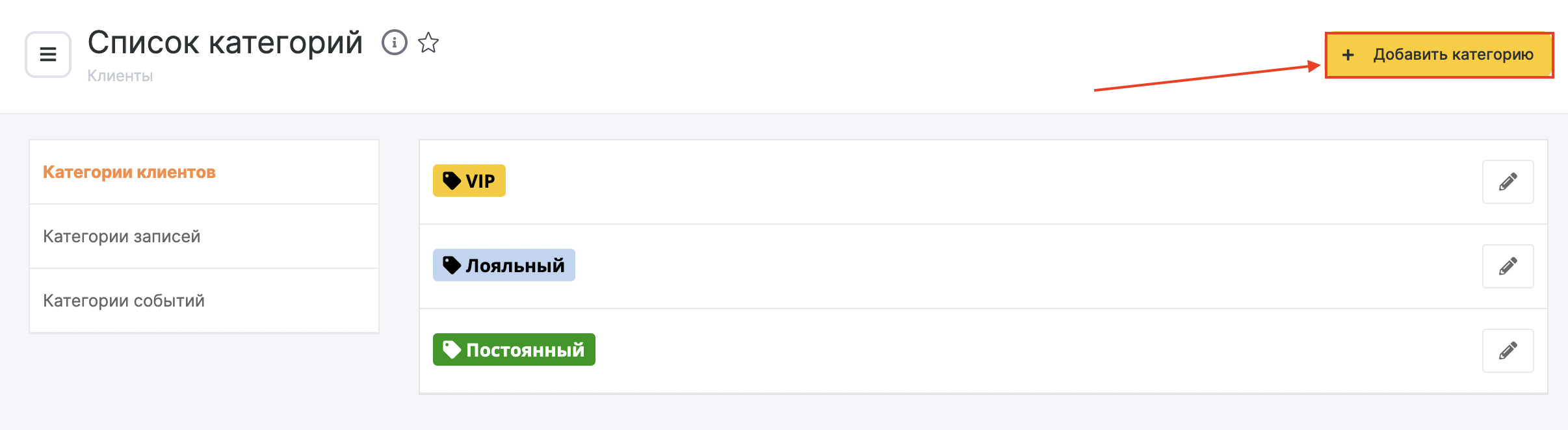 В Altegio предусмотрено распределение клиентов по категориям. «Категории» представляют собой цветные метки с названиями, они позволяют отмечать и выделять отдельных клиентов или группы клиентов по различным критериям. По умолчанию создано 3 категории: «Постоянный», «Лояльный», «VIP».
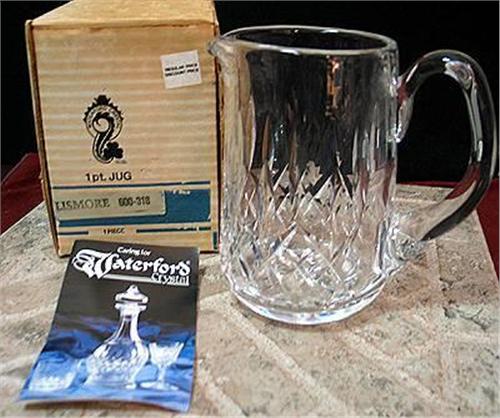 Waterford Crystal 1pt. Jug with its original box. Lismore pattern, no chips or cracks stands 5 3/4" tall
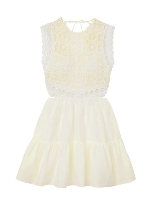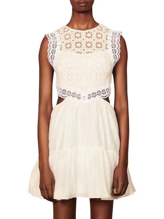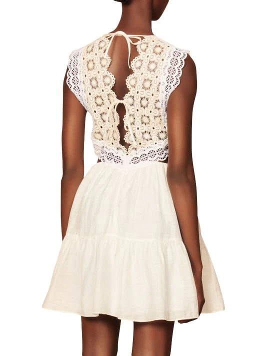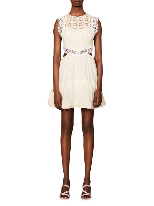Lace trims Sandro’s Isee mini dress, crafted with a guipure bodice and layered ruffle skirt.
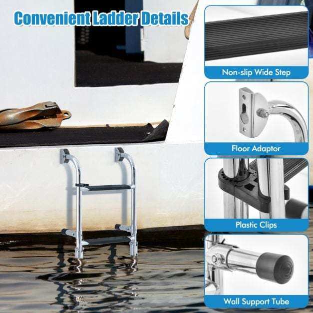 Stable Design: Designed to provide exceptional stability and prevent slips, this boat ladder features sturdy PVC steps that guarantees safe use in water adventures. Moreover, the floor adaptor and wall support tube work together to provide a sturdy using experience.
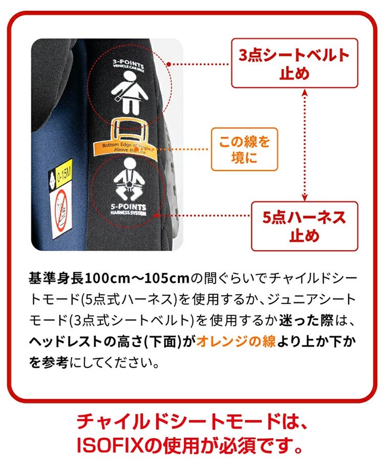 ●身長76cm(15ケ月以上)~150cm(12歳頃)までロングユースができるチャイルド&ジュニアシート。
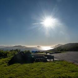 So schnell kann es gehen. Vom gestrigen Schauer und dem Starkwind heute in der Früh keine Spur. Der Fjord liegt friedlich und spiegelglatt vor unserem Fenster, die Wolkendecke beginnt aufzureißenЧитать далее
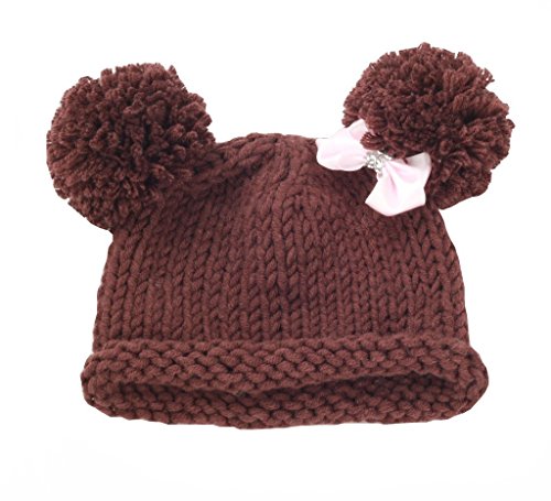 BestKnit Baby Girls Pompom Hat Props Crochet Knitted Pom Pom Hat Bow beanie Medium Brown
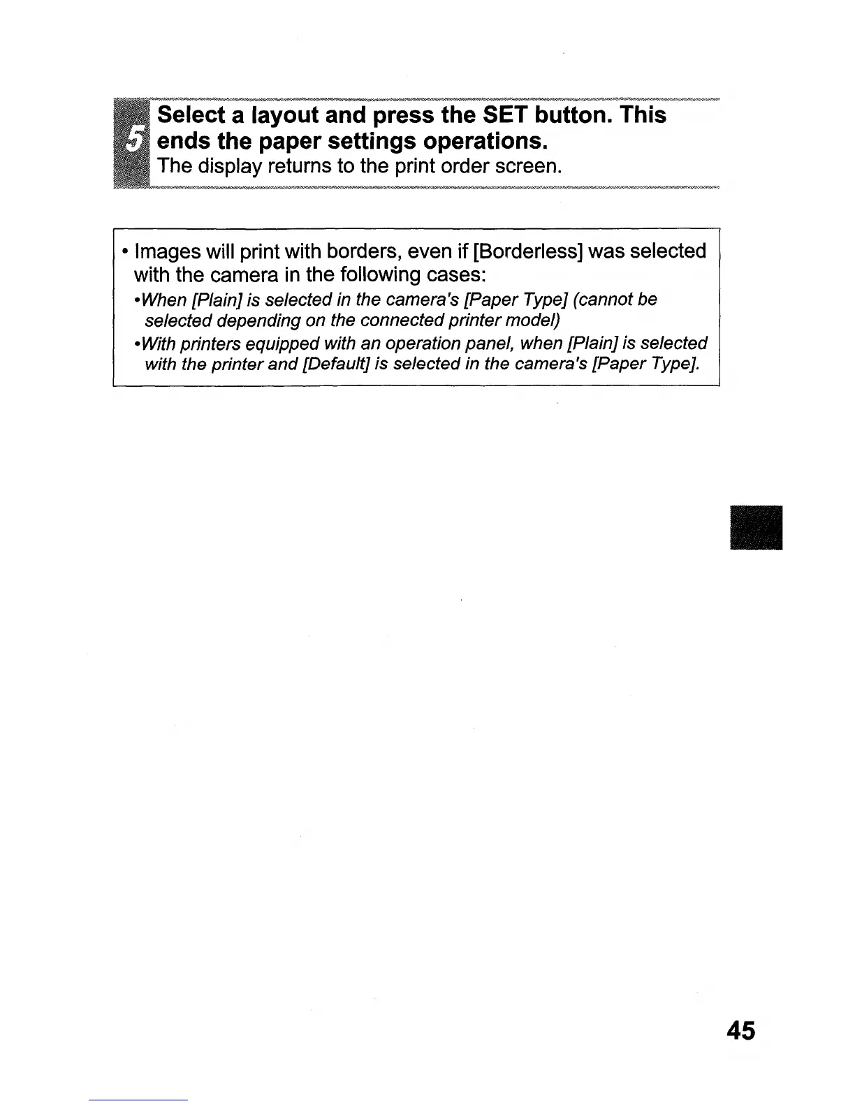 •When [Plain] is selected in the camera's [Paper Type] (cannot be

### TASK OBJECTIVE
With pictures left out, extract the lines from the one containing "BestKnit Baby Girls" to the end of the material above, both included, exactly as written.

### THE COMPLETED TASK
 BestKnit Baby Girls Pompom Hat Props Crochet Knitted Pom Pom Hat Bow beanie Medium Brown
 •When [Plain] is selected in the camera's [Paper Type] (cannot be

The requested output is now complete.